The Punchline
A Play in Ten
[The set should resemble a rooftop. When lights come up we see 1 setting up a camera on a tripod downstage center. He spends a moment or two fixing the angle of the shot, before stepping back and delivering his first monologue]
1: You’re dying. You’re dying right now. And you don’t care. You’re just going to sit there for the next ten minutes, and lose your life in me. I’m not that special. Anything I have to say you can figure out for yourself, if you just cared. No one cares, though. But you’re going to sit there and pretend like you do. Who are you trying to impress? Or are you just being lazy. [Beat] But we’re here aren’t we. Might as well go through with it. My name…it doesn’t really matter what you call me. It’s not important. It’s not like you’ll be able to call me by it. I can tell you its Latin for happiness, though. I think it suits me. People tell me it suits me. I wish my name was something normal though. I wish it was Lee. I’ve always liked the name Lee. But I’m here. And I’m not Lee. I’m just…I’m me. And I only have one thing to tell you. Or ask. I think I should ask you. Why…Why do we laugh?
2: [Entering from unseen from the Right] We find something funny.
3: [Entering from unseen from the Left] You find this funny?
2: I’m sorry.
3: Do you. Find this. Funny.
2: [Beat] Define funny.
3: That’s what he’s asking isn’t he?
2: Maybe. But what is he asking? What are you asking?
1: I just…I don’t know. I don’t like the question very much. Could you answer the question?
2: Fine, fine. What were you asking?
3: This situation.
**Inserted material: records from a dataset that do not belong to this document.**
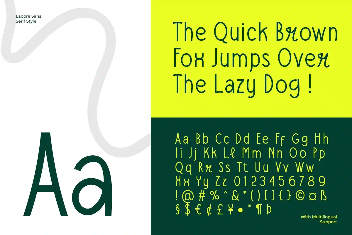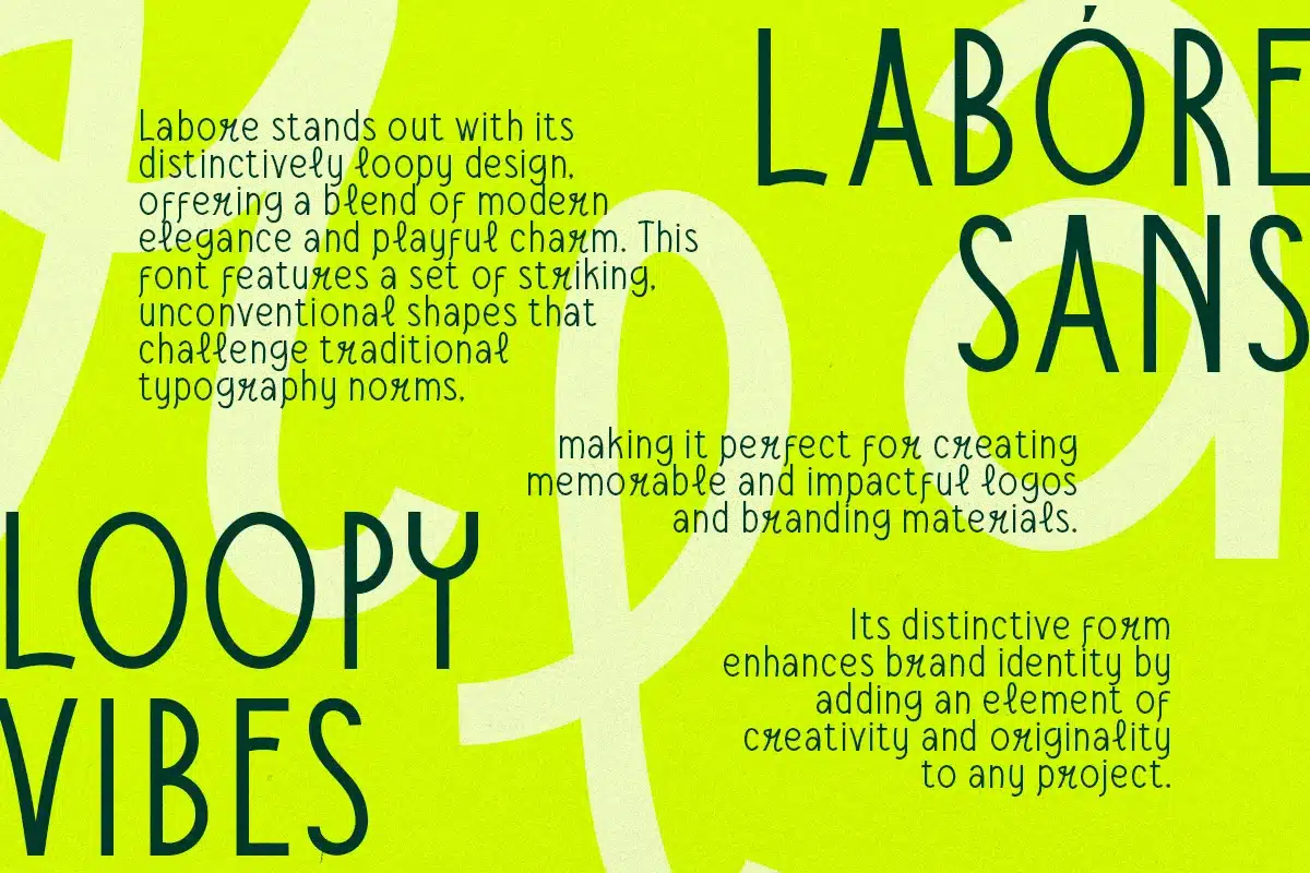 Introducing Labore, a modern sans serif font family designed for logotypes. Its uppercase letters showcase sleek sophistication, while the playful lowercase adds unique charm. This versatile font harmonizes contemporary elegance with delightful creativity, perfect for elevating your branding.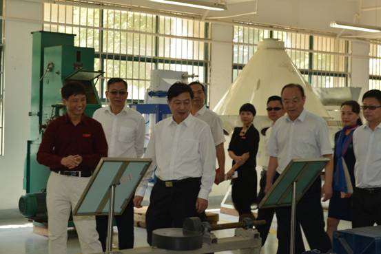 本网讯 10月16日上午,省粮食局党组书记、局长黄河来我院视察工作,在学院全体院领导的陪同下,黄局长参观了校园、专业实训中心。每到一处,黄局长都与在场的师生亲切交流,详细了解学院人才培养水平工作和发展中存在的问题,对学院下一步努力方向给予了指导。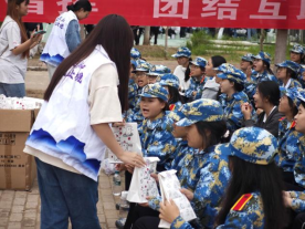 军训间隙休息时,是学生会部长送大礼包的“黄金时段”。他们抱着重礼包穿梭于各训练场。见新生列队走来,便上前递礼包,新生接过礼包后难掩期待,忍不住当场拆开,脸上满是惊喜。这一过程既让新生感受到物质关怀,也缓解了他们初入校园的陌生感和军训疲惫。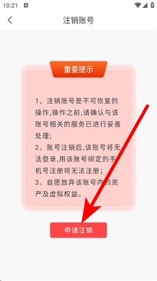 5、阅读重要提示后,点击申请注销,按流程完成账号注销。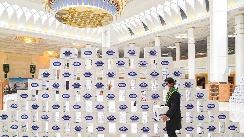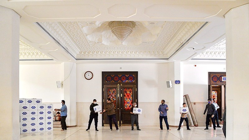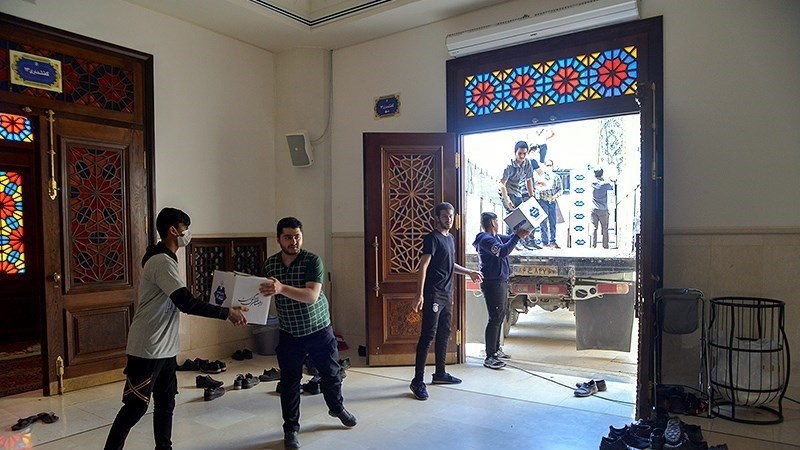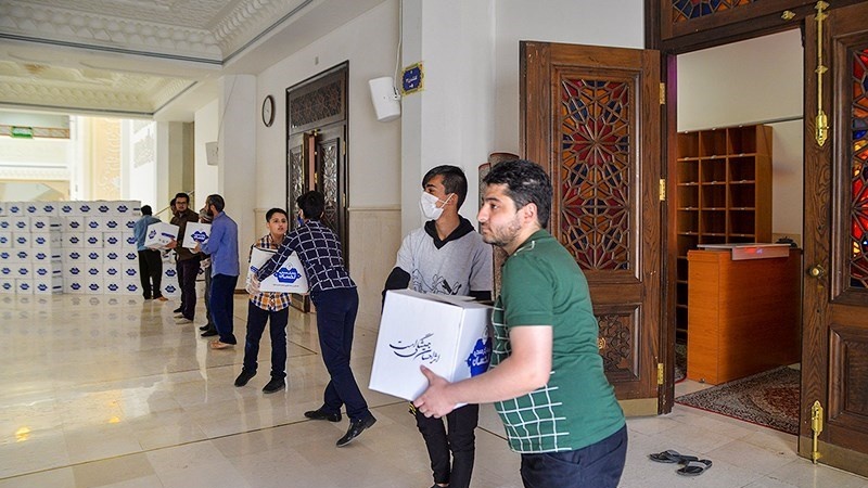 Badan Pelaksana Instruksi Imam Khomeini ra menyiapkan 40.000 paket hadiah dan sembako di Kompleks Haram Suci Shah Cheragh di Shiraz, Republik Islam Iran pada hari Minggu pagi, 3 Mei 2020.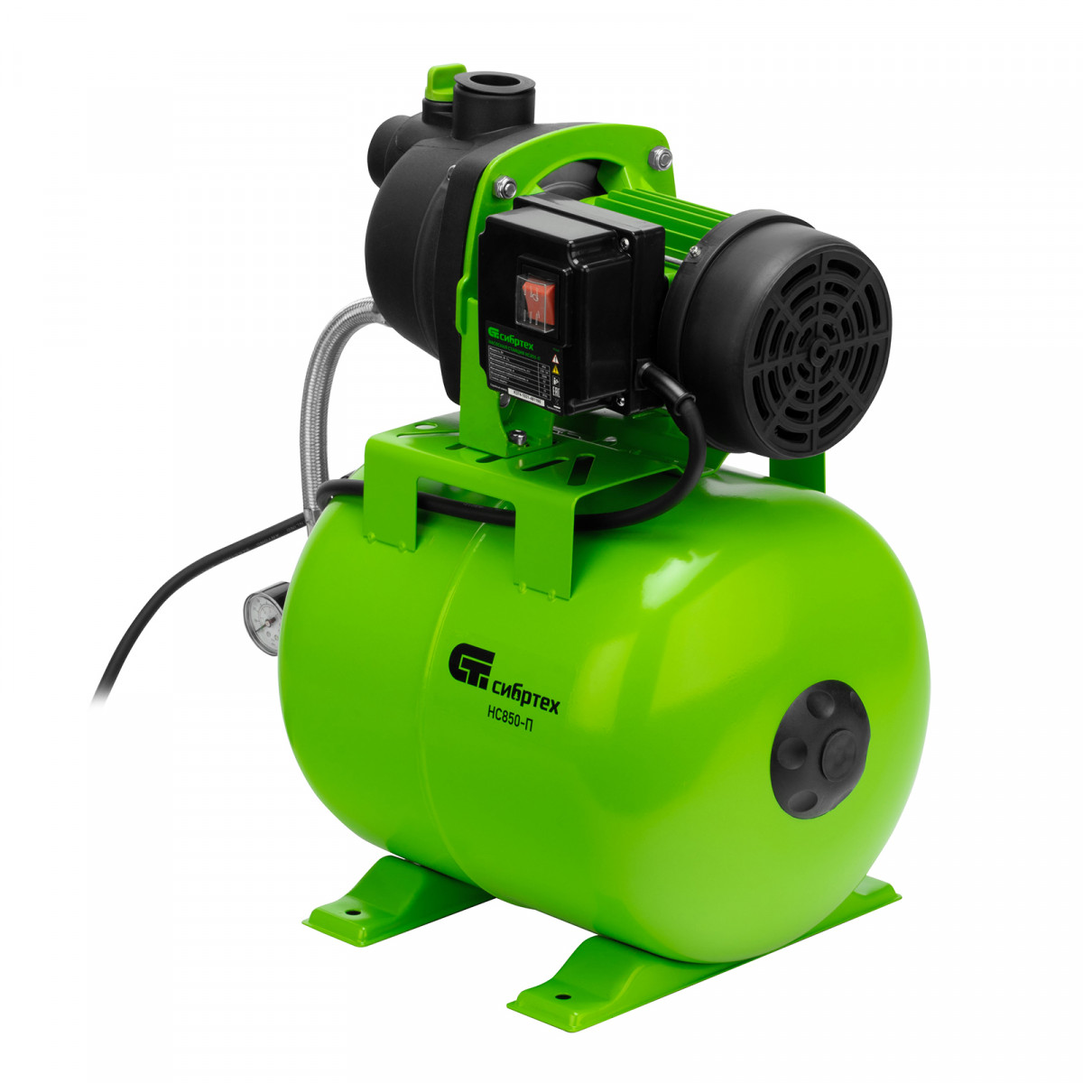 Насосная станция Сибртех НС850-П 97248 мощностью 850 Вт, с ресивером на 19 л, работает со скоростью 3500 л/ч и обеспечивает напор до 42 м. Используется для обеспечения подачи воды в загородных домах, поддержания давления в системе водоснабжения квартир. Однофазный мотор обеспечивает производительность на уровне 58 л/мин под давлением не более 2,8 бар.,Станция работает в автоматическом режиме: накапливает воду в ресивере и включается по мере ее потребления. Подача воды также происходит экономно: она поступает к сантехническому оборудованию и кранам только в момент их включения. Пробка заливной горловины легко откручивается, поэтому подготовить насосную станцию к первому запуску не составит труда.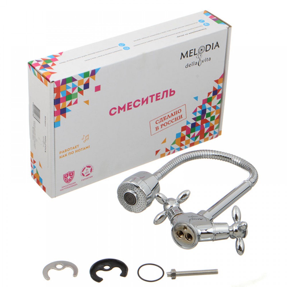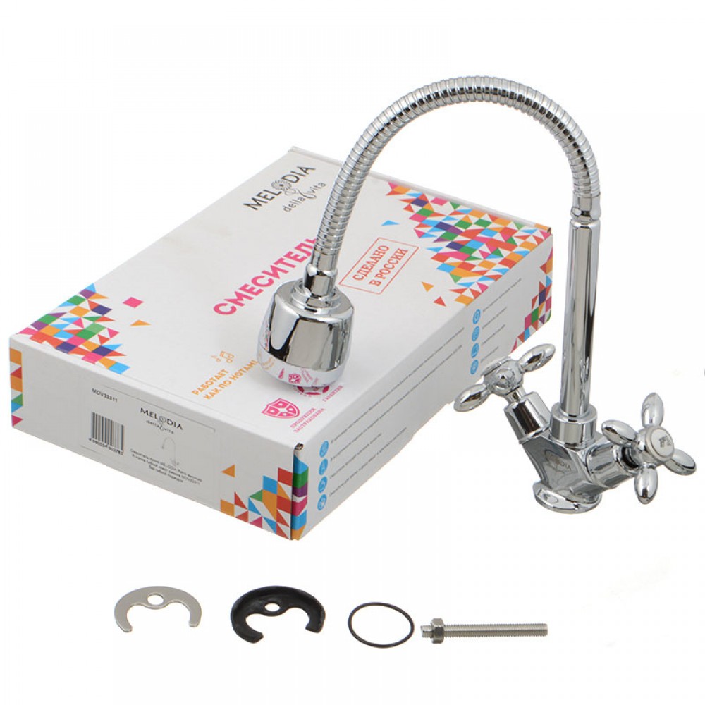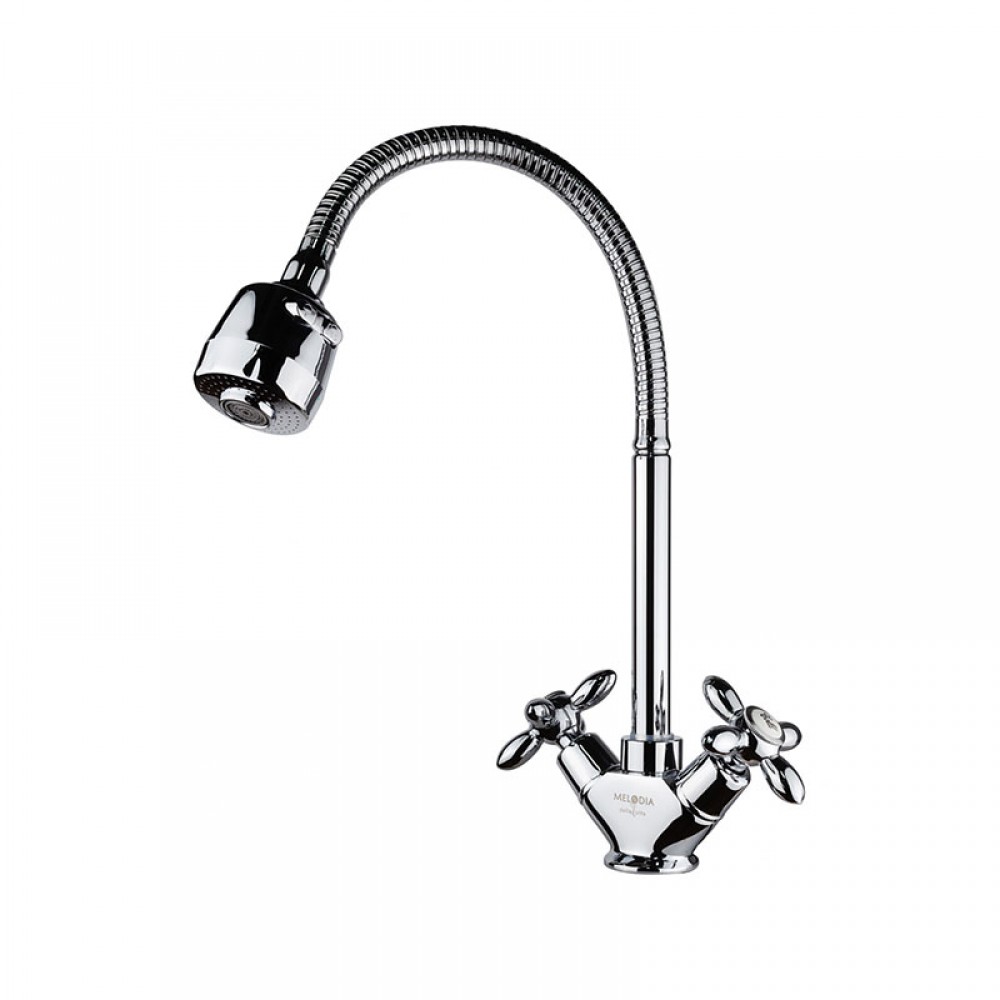 Двухвентильный кухонный смеситель MELODIA Retro MDV32311 оснащен гибким высоким изливом и классическими крестообразными маховиками. Сантехника в ретро-стиле объединяет винтажный дизайн с современной практичностью, позволяя комфортно использовать кран для мойки посуды любых габаритов.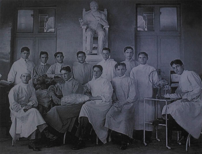 Una foto muy curiosa, es la clase de anatomía de la escuela de San Lorenzo, la cual quedaba muy cerca de lo que es actualmente el Hospital Vargas.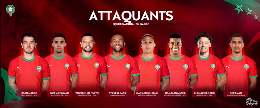 – Attaquants : Brahim Diaz (Real Madrid), Chemseddine Talbi (Sunderland/Angleterre), Youssef En-Nesyri (Fenerbahçe/Turquie), Hamza Igamane (Glasgow Rangers/Écosse), Marouane Sanhaji (Athletic Bilbao/Espagne), Ayoub El Kaabi (Olympiakos/Grèce), Amine Adli (Bournemouth/Angleterre), Ilias Akhomach (Villarreal/Espagne).
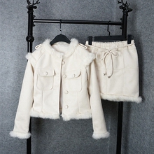 2017秋冬名媛气质修身双口袋毛毛拼接单排扣鹿皮绒系带短裙套装女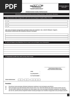 Borang pna 42 1 pdf borang pna 42 percuma permohonan nama perniagaan permohonan ini perlu dilampirkan bersama dengan borang a tiada bayaran . Check out how easy it is to complete and esign documents online using fillable templates and a powerful editor. Langkah 1 • dapatkan borang pendaftaran perniagaan atau borang a daripada . First file borang pna 42 percuma permohonan nama perniagaan (permohonan ini perlu dilampirkan bersama dengan borang tiada bayaran dikenakan) saya memohon . Borang yang perlu diisi ialah :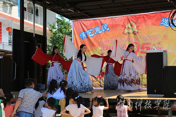 7月7日,该院与双牌县文体广新局、江村镇人民政府共同举办了2026世界杯官方合作网站大学生“三下乡”暨江村镇庆祝建党九十五周年文艺演出。此次演出内容丰富,形式多样。歌曲《美在永州》,唱出了永州人民的心声;轻盈灵动的瑶舞与富有异域风情的印度舞,彰显了不同地域文化的特色与活力。其中,双牌县文体广新局副局长刘兴国原创的歌曲《湘恋》和文化馆声乐专干唐红梅演唱的歌曲《欢天喜地》,分别表达了对家乡深沉的依恋和对美好生活的向往;《大渡河畔英雄多》情景剧突出主题,真实地还原了红军十八勇士强渡大渡河的英雄事迹……新颖与经典相融,受到当地群众的欢迎。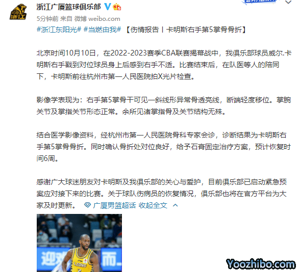 360直播10月12日,CBA浙江广厦宣布外援卡明斯的伤病最新情况,卡明斯对战辽篮的比赛上演自己的CBA首秀,期间右手戳到对位球员身上后感到右手不适。去到医院进行检查,结果是右手第5掌骨干可见一斜线形异常骨透亮线,断端轻度移位。诊断结果为卡明斯右手第5掌骨骨折,已经进行了固定,预计恢复时间6周。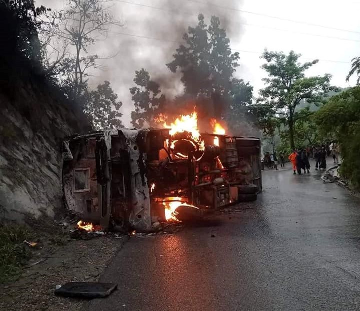 पश्चिमबाट पूर्वतर्फ जाँदै गरेको ना५ख ५१०० नंको बस अनियन्त्रित भई सडकबाट उत्तरतर्फ पहाडमा ठोक्किँएको प्रहरी उपरीक्षक प्रज्ज्वल महर्जनले जानकारी दिनुभयो । आगलागीबाट यात्रु घाइते भएका हुन् । घाइतेमध्ये ६ जनाको अवस्था गम्भीर रहेको महर्जनले बताउनुभयो ।

Does it bring a chirp of happiness to your brain, a flutter to your heart, spasms to your diaphragm, or incomprehensible gibbering to your lips?
2: Funny. [Beat] Are you asking if this situation is humorous? Does it make me giggle? Would I laugh at it? No. Is it unfamiliar? Do I find the lack of congruity between expectation and reality disturbing? Maybe. Maybe this unsettles me, but maybe that can be funny too.
1: No, wait, that’s not what I meant to ask. Let me think of another way to ask what I mean.
3: This?
2: What.
3: I’m just wondering. You said this unsettles you. This what? This question? This place? The fact that you can’t seem to make a decision even when it’s staring you in the face?
2: Maybe.
3: Maybe fucking what?
2:Maybe this place unsettles me. Maybe your question does. Or maybe it’s just you.
3: [Innocently] I unsettle you.
1: [Suddenly] What’s the difference? Between what’s funny and…
2: What we laugh at?
1: —and what we laugh at. Yes. What’s the difference?
2: You mean why do we chuckle at one, yet fidget, squirm, and otherwise avert ourselves from the other? Personal taste, maybe.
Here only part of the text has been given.